Nitrous acid (\(\text{HNO}_2\)), also known as HONO, is a chemical compound frequently encountered in atmospheric and aquatic chemistry. Determining whether the molecule is polar or nonpolar requires a detailed examination of its internal bonding structure and its three-dimensional molecular shape. This analysis confirms that nitrous acid is, in fact, a polar molecule due to the unequal distribution of electron density across its atoms.
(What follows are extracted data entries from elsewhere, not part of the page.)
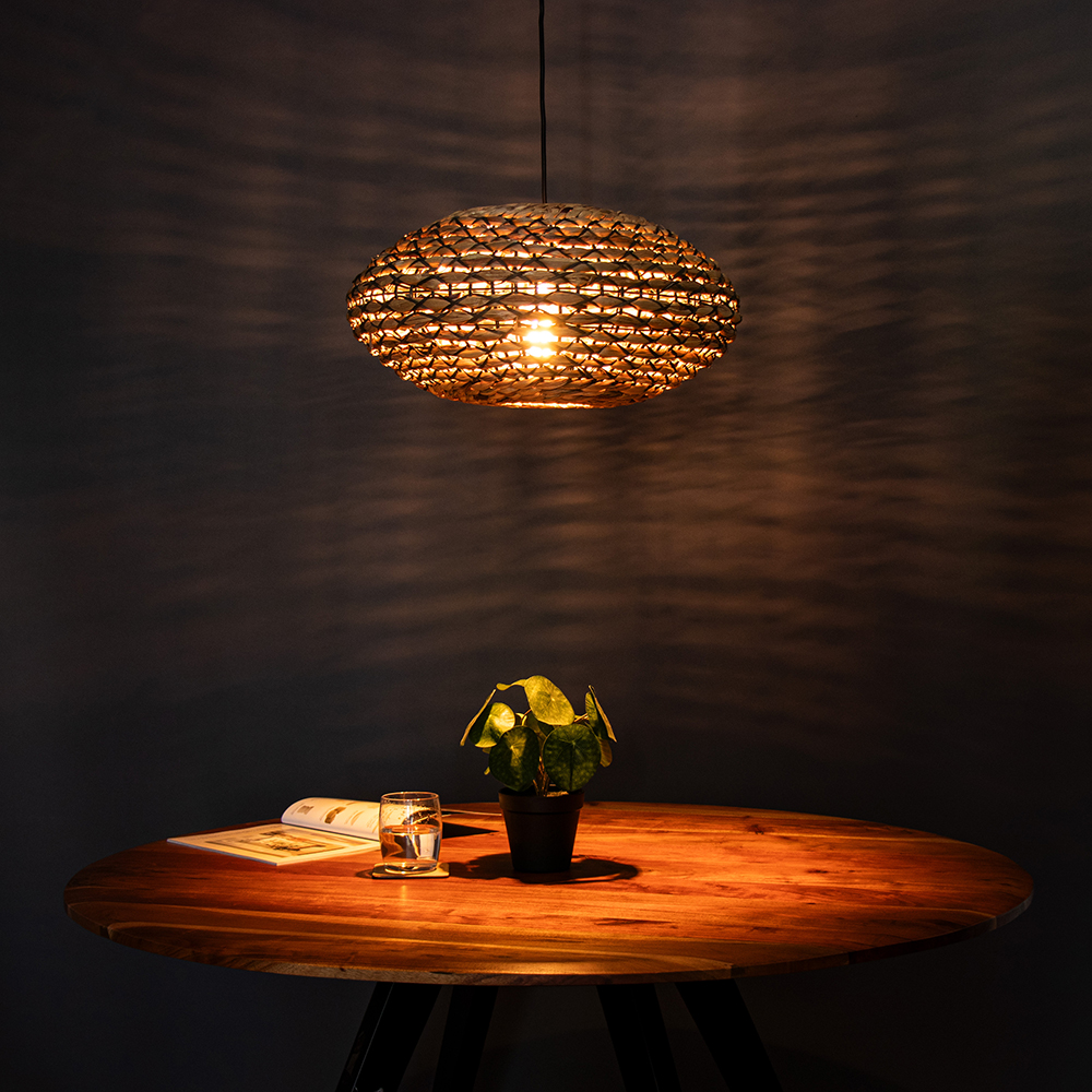 Deze leuke hanglamp van Light & living is een mooie toevoeging aan het interieur. De ronde lamp is gemaakt van gevlochte rattan wat rust op een metalen frame. De natuurlijke kleur van het rattan wordt opgebroken door het zwarte rattan wat door de lamp heen gevlochten is voor een speelser effect. De hanglamp is in hoogte te verstellen tot max 155 cm en heeft een gewicht van 1,9 kg.
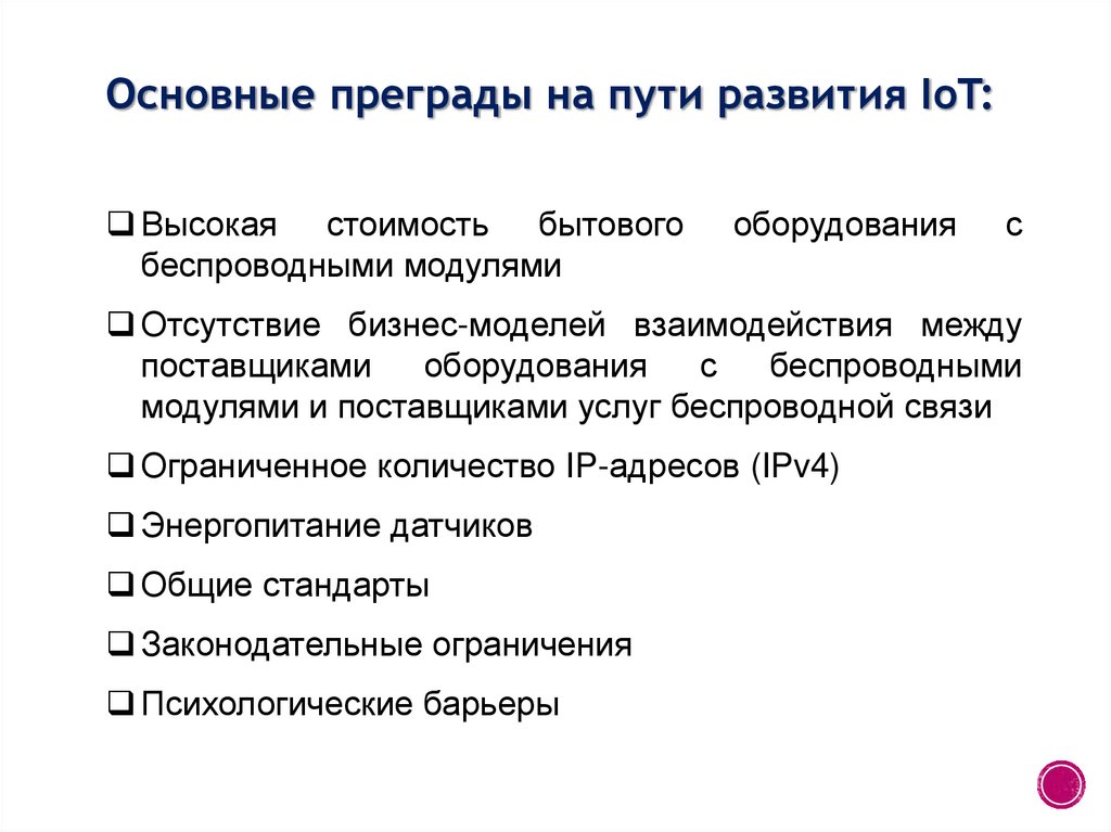 Основные преграды на пути развития IoT:Высокая стоимость бытового
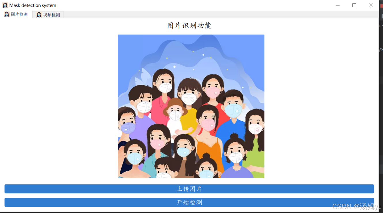 本系统针对人脸图像进行检测,从中提取特征来预测人脸是否佩戴口罩。
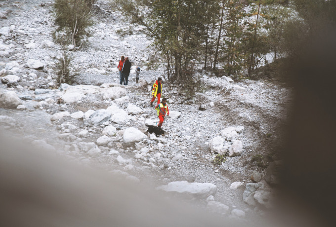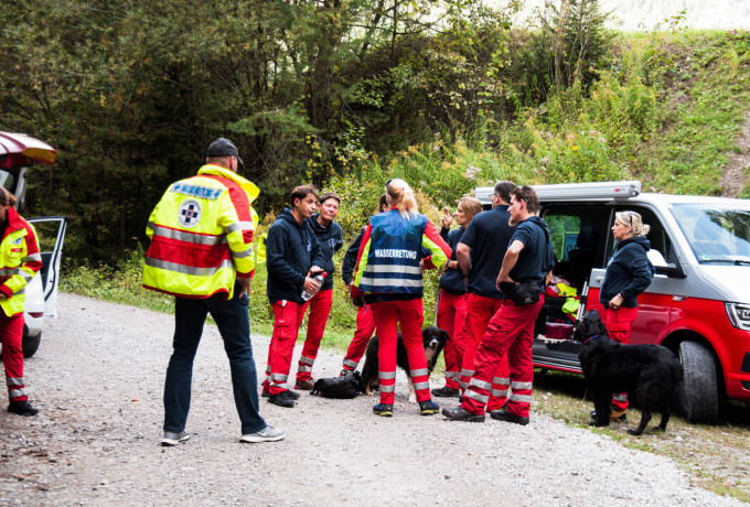 Bei dieser Übung hatten die Retter Unterstützung aus der Luft. Weil die Wasserrettung zwei Mal pro Jahr auf Kosten des Landes Tirol einen Hubschrauber für ihre Übungen zur Verfügung gestellt bekommt, flog ein Helikopter aus Karres bei Imst zur Übung am Frauenbach ein. Auch die Rettungshundestaffel war in Lavant dabei.
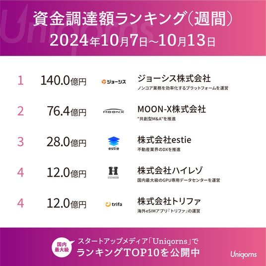 国内最大級のスタートアップメディア「Uniqorns(ユニコーンズ)」が2024年10月7日~10月13日のスタートアップ資金調達状況をランキング形式で発表
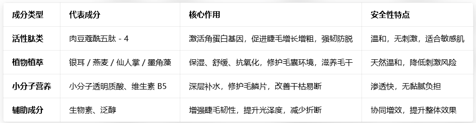 肉豆蔻酰五肽 - 4:行业公认的睫毛生长活性肽,直接激活毛囊角蛋白基因,促进睫毛增长增粗,同时加固毛囊根部,减少非正常脱落,28 天可激活休眠毛囊,启动生长循环;
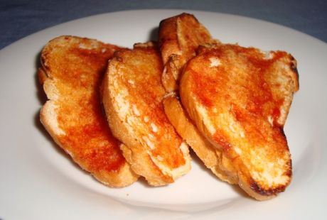 Pomešajte ulje i kečap. Dodajte sitno isjeckan beli luk. Dobijenom masom premažite obe strane kriški hleba. Namazane kriške ređajte u nauljenu tepsiju tako da se naslanjaju jedna na drugu. Pecite kriške 10 minuta na 250ºC. Okrenite drugu stranu kriški i pecite još 5 minuta.

What Makes a Molecule Polar?
Molecular polarity is determined by two factors: the polarity of its individual chemical bonds and the overall shape of the molecule. Bond polarity arises from a difference in electronegativity, which measures an atom’s ability to attract electrons within a bond. When two atoms form a covalent bond and have significantly different electronegativities, the electron pair is pulled closer to the more electronegative atom, creating a bond dipole. This unequal sharing results in one end of the bond having a slight negative charge and the other having a slight positive charge. A molecule consisting of polar bonds is not automatically polar, however. The overall molecular polarity, represented by the net dipole moment, depends on the spatial arrangement of these individual bond dipoles. If the dipoles are oriented symmetrically, they can effectively cancel each other out, resulting in a nonpolar molecule. If the arrangement is asymmetrical, a net dipole moment remains, making the molecule polar.
The Molecular Geometry of Nitrous Acid (\(\text{HNO}_2\))
To determine the overall molecular polarity, the specific three-dimensional arrangement of atoms in nitrous acid must be established. The structure of \(\text{HNO}_2\) is represented as \(\text{H-O-N=O}\), with the nitrogen atom sitting at the center. Nitrogen has three areas of electron density surrounding it: a single bond to one oxygen, a double bond to the other oxygen, and one non-bonding lone pair of electrons. This arrangement dictates the electron geometry around the central nitrogen atom as trigonal planar. However, the presence of the lone pair significantly influences the final molecular shape. The lone pair exerts a stronger repulsive force on the bonding electron pairs, pushing the bonded atoms away. This results in a bent or angular molecular geometry for both the \(\text{H-O-N}\) and \(\text{O-N=O}\) portions of the molecule.
Determining the Net Dipole Moment
The bent structure of nitrous acid is the key factor in determining its polarity because it prevents molecular symmetry. Analyzing the bonds confirms that Oxygen (3.44) is significantly more electronegative than both Nitrogen (3.04) and Hydrogen (2.20), creating strong individual bond dipoles. The \(\text{O-H}\) bond is highly polar (electronegativity difference of \(1.24\)), pulling electrons toward the oxygen atom. The \(\text{N-O}\) and \(\text{N=O}\) bonds are also polar (difference of \(0.40\)), pulling electrons toward their respective oxygen atoms. Because of the bent, asymmetric shape of the \(\text{HNO}_2\) molecule, these multiple bond dipoles do not point in opposite directions where they could cancel out. Instead, they sum together, creating a measurable net dipole moment for the entire molecule. This confirms that nitrous acid is a polar compound with an unequal distribution of electron density.
Practical Implications of Nitrous Acid Polarity
The polarity of nitrous acid has direct consequences for its chemical behavior, particularly regarding solubility. The principle of “like dissolves like” dictates that polar substances readily mix with other polar substances. Because \(\text{HNO}_2\) is polar, it exhibits high solubility in polar solvents, most notably water. In an aqueous solution, polar \(\text{HNO}_2\) molecules form strong attractive forces, specifically hydrogen bonds, with polar water molecules (\(\text{H}_2\text{O}\)). The polarity also contributes to its function as a weak acid in water, where it partially dissociates into the nitrite ion (\(\text{NO}_2^-\)) and a hydrogen ion (\(\text{H}^+\)). Conversely, nitrous acid is poorly soluble in nonpolar solvents, such as hexane or carbon tetrachloride, because the strong intermolecular forces cannot be established.